近年、中国は急速な勢いで“IT王国”に変わった。どこでもスマホ決済が当たり前になり、タクシーアプリを使うのが当然になりつつある。そんな中国で、意外に進んでいないのが“婚活事情”だ。もちろん、それは中国だけでなく、日本も韓国も同様なのだが、中国の場合には元々“一人っ子政策”で男女の比率が異なるだけに、より深刻と言える。そこで“親たち”の登場となる。旧暦の「七夕」に当たる昨日、北京では親たちによる“婚活”が行われた。広場に集まって、それぞれが“手書き”による「花嫁募集」「花婿募集」のアピール合戦だ。主催者側が用意した紙に“手書き”で自己紹介を書く。それを見て気に入った相手がいれば、その親に直接交渉するか、又は“連絡先”に電話やメールを入れるかなのだが、興味深いのは必ず“身長・体重・年齢・住所・職業”を記載してあることだ。まるで企業に応募するような記述なのだ。ところが、企業の展示会と違って、なかなか“交渉成立”している親たちは少ない。特に女性の場合には相手男性に対する“条件”が厳しく、なかなかそれに“見合う相手”を得られないのだそうだ。結局、親たちは立ち尽くしたまま時間を過ごし、すごすごと引き上げていくケースが多い。

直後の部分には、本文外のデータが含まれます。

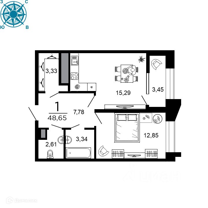 48,65 м²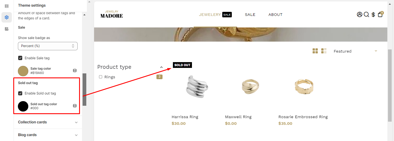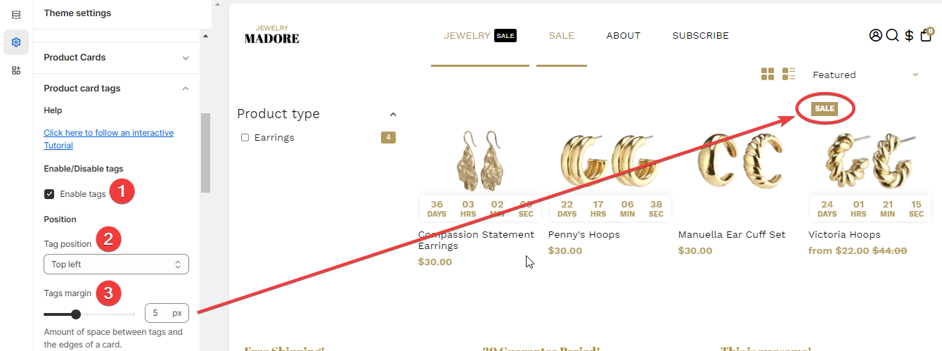 Product Card Tags theme settings

北京や上海のような都会に暮らす女性の場合、周りに“高収入”で外貌的にも教養的にも優れている男性を見慣れているせいで、男女比率では圧倒的に女性優位なのに、なかなか結婚相手を得られない場合が多い。そう“見慣れる”ということは、或る意味で危険なのだ。条件的に“良いもの”を見慣れてしまうと、ちょっとしたマイナスポイントでも見逃すことが出来なくなってしまう。「結婚」というのは“最良”を択ぶゲームではなくて、“適応”な相手を択ぶゲームなのだが、その点を勘違いしがちなのだ。こうして、本来からすれば“結婚できる条件”を備えながら、独身のまま経過していく男女が増えていく。日本でも“生涯未婚率”はどんどん高まっていて、2015年の統計だと男23.4%、女14.1%の数字が出ている。1970年には男1.7%、女3.3%だったというのが信じられない。何でも“最良”を求めすぎてはいけないのだ。